Originally created 03/17/04

Marsh & McLennan reports more subpoenas for Putnam

BOSTON -- The Securities and Exchange Commission has issued subpoenas to Putnam Investments over the company's directed brokerage and revenue sharing practices, indicating a widening probe into the company at the center of the mutual fund scandal.

In its annual report filed with the SEC, Putnam parent company Marsh & McLennan Cos. disclosed that Putnam has received subpoenas from the SEC's Philadelphia office about directed brokerage practices. It said the SEC has interviewed company employees.

The SEC's Chicago office and the National Association of Securities Dealers also want information from Putnam about revenue sharing arrangements, the report said.

"Putnam is fully cooperating with the regulatory authorities," the report said.

Revenue sharing is a practice in which brokerage firms steer clients toward mutual funds in exchange for payments from the fund companies.

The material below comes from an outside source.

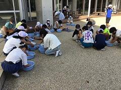 草を抜き終えた後,「洗剤なしで洗濯」「液体洗剤で洗濯」「粉末洗剤で洗濯」の3グループに分かれて,泥で汚れた軍手を手洗いしました。

Directed brokerage is when a fund company gives its trading to a broker in exchange for the broker selling the firm's funds.

Putnam, which managed about $240 billion in assets as of Dec. 31, was the first investment firm formally accused of wrongdoing in the now-widespread scandal over improper market-timing trades.

Market timing refers to trades that move quickly in and out of mutual funds. The company's SEC filing on Monday reported that the U.S. Attorney in Boston, the Florida Department of Financial Services, the office of the Attorney General of New York, the secretary of state and the state auditor of West Virginia and the Boston office of the U.S. Department of Labor have also subpoenaed the company.

Putnam has already reached a partial settlement with the Securities and Exchange Commission over market timing, but still faces fraud allegations over the practice from Massachusetts regulators. After the scandal broke, Putnam lost tens of billions of dollars in assets.

Market timing is not illegal, but some regulators contend it is fraudulent for companies to tolerate it for some customers, despite promises in their prospectuses not to. Indirectly, profits made from market timing can skim profits from long-term investors.

Putnam spokeswoman Nancy Fisher referred a call for comment to Marsh & McLennan spokeswoman Barbara Perlmutter, who did not immediately return a call.

The company also reported that as of March 4, Marsh & McLennan and Putnam are the targets of about 70 civil complaints over market timing. Those actions have been filed in state and federal courts in New York, Massachusetts, California, Illinois, Connecticut, Vermont, Kansas and North Carolina.

Mercer Bullard, a law professor at the University of Mississippi and a former assistant chief counsel in the SEC's mutual funds division, said it is not surprising that so many states are seeking information from Putnam, given that the company is at the center of the scandal.

"If anything, there aren't as many states involved as should be. You're talking about the most popular investment vehicle ever created," he said. "This should be the vehicle by which state regulators take more interest than another other securities issue."